Asked for a reaction, an aide to McConnell pointed ABC News to the Republican leader's remarks on Wednesday calling on Democrats to set aside what he referred to a "liberal wish list" and get back to the negotiating table.
One senior Senate GOP aide told ABC News that there is a possibility of a CR that would fund the government until sometime into November or potentially through mid-December, but that any final decisions had not yet been made.
To MacGuineas and Hoagland, the choice of a continuing resolution is risky.
"A CR is already a symbol of failure," MacGuineas said. "To combine that with a second failure of not passing an emergency bill that is well thought out and incredibly transparent, to have two failures smooshed into one big bill is basically a massive sign of dysfunction in all of the areas where we should be governing."
Hoagland said, "Without a resolution to a fifth stimulus package, I see no way that many of the same issues in July and early August won't reemerge on a must-do CR bill."

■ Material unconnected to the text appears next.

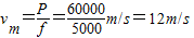 【答案】分析:①当牵引力F大小等于阻力f时,汽车的加速度a=0,速度达到最大值vm,根据公式P=Fv,可得出汽车最大速度vm.

With jobless Americans still numbering in the multi-millions, a moratorium on evictions and utilities' shutoffs having expired and the small business loan program closed -- all due to inaction in Congress -- it remains to be seen where the political blame might land ahead of crucial elections in the fall.
Kyle Kondik, managing editor of Larry Sabato's Crystal Ball who analyzes elections for the UVA Center for Politics, sounded the alarm for Republicans, warning that that the party in power is usually the one that gets the blame if people perceive the state of the country to be in disarray on Election Day.

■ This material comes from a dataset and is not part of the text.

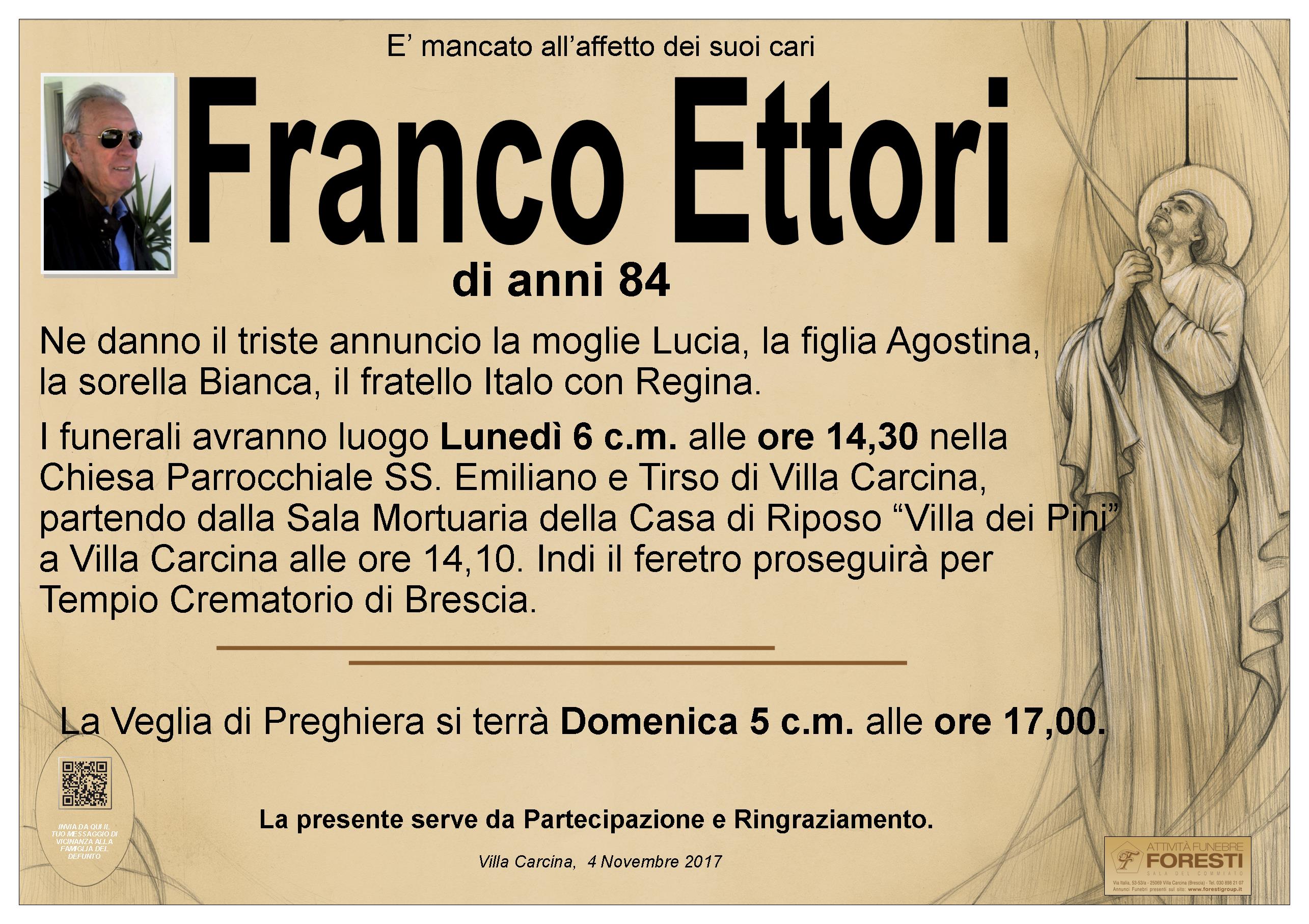 I FUNERALI AVRANNO LUOGO NELLA CHIESA PARROCCHIALE SS. EMILIANO E TIRSO DI VILLA CARCINA LUNEDI' 6 C.M. ALLE ORE 14,30.

"To me the stakes are politically higher for Republicans to intervene in the economy. If things get really bad in the fall, they are more likely to face consequences than Democrats are," Kondik told ABC News.
"In terms of Democrats getting blamed for a new aid package not getting passed, I just don't think it works that way. The public is so focused on the president and the party in power; therefore, they're responsible for inaction," said Kondik. "If I were a Republican, I would be trying to figure out what the federal government can do to best stave off economic calamity, and I would try to pass legislation to that effect."

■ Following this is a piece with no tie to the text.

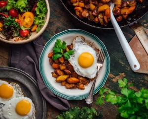 Kokeile esimerkiksi juurespyttipannua, joka on helppo ja täyttävä arki-illan ruoka. Rapea kananmuna kruunaa annoksen.
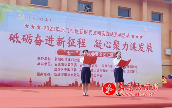 本網(wǎng)訊(記者 趙漪湉)6月27日上午,漢濱區(qū)新城辦北門社區(qū)黨支部聯(lián)合市委政法委、市公路局、市一小、市博物館、漢濱區(qū)委政法委、新城街道辦事處、農(nóng)行安康漢濱支行機(jī)關(guān)黨支部舉辦“砥礪奮進(jìn)新征程 凝心聚力謀發(fā)展”慶祝建黨102周年表彰大會暨文藝匯演。

But trying to put pandemic aid on a measure that keeps the federal government funded, likely an exceedingly complicated feat heading into late August and September -- when hurricanes and wildfires could also present more fiscal hurdles -- risks a shutdown, something Hoagland warned was possible.
"While I find it unfathomable that we could even be thinking about a government shutdown on top of everything else one month out from an election, that still is a risk," said Hoagland. "I always think that a shutdown is a pox on both parties. If this were to occur this time around, however, I think the administration and Senate GOP would take most of the blame."
MacGuineas thought the chances of a shutdown were almost nil.
"At some point, the grown-ups have to come out. We can't shut ourselves down when we have a virus that has basically already shut down our economy," MacGuineas said. "There are still some lines we won't cross."
ABC News' Allison Pecorin and Mariam Khan contributed to this story.